Problem to solve: Could you give back exactly the lines below from the one with "Philip Glass (USA)" through the one with "John Nickel found", without a single picture?

Dataset:
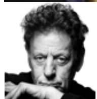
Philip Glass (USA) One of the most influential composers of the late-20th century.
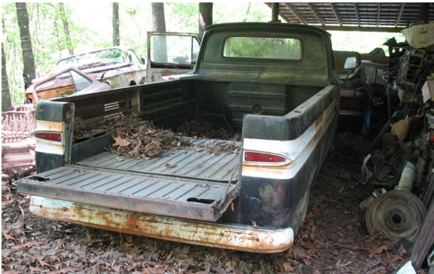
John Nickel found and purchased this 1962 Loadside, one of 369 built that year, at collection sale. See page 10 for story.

---

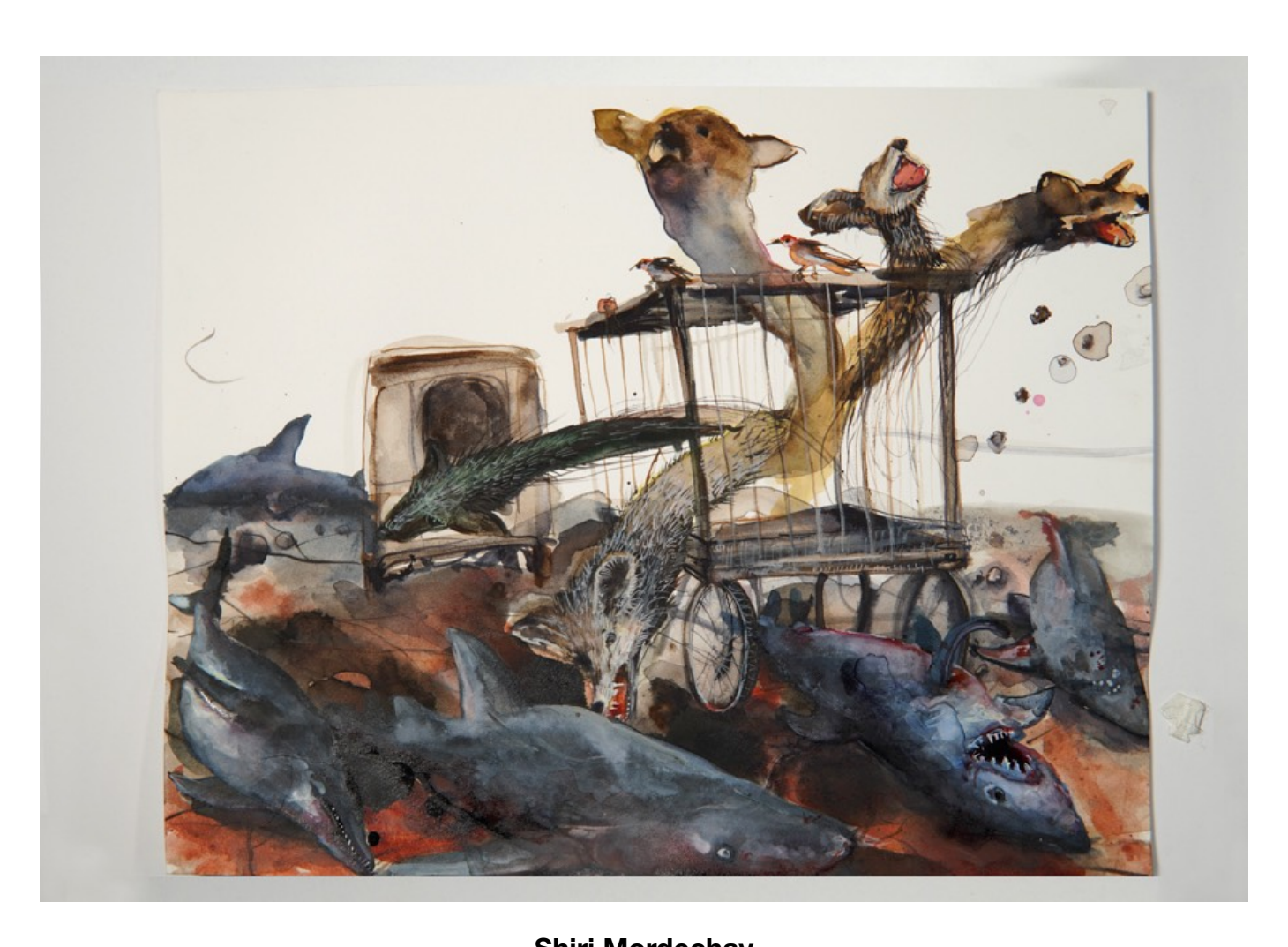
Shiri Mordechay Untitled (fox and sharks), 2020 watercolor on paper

...

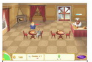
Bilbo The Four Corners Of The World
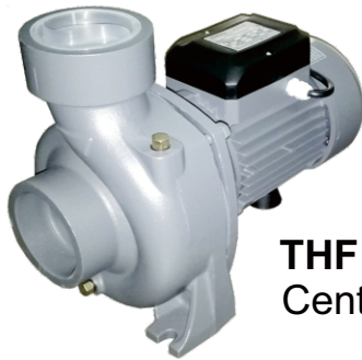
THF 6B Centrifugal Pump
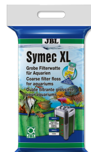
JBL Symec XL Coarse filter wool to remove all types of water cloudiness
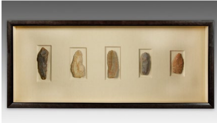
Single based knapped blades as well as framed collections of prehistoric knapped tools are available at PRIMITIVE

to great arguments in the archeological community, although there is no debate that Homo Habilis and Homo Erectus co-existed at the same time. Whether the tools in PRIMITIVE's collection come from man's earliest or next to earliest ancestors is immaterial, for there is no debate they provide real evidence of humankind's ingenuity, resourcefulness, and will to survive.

Answer to the exercise:
Philip Glass (USA) One of the most influential composers of the late-20th century.
John Nickel found and purchased this 1962 Loadside, one of 369 built that year, at collection sale. See page 10 for story.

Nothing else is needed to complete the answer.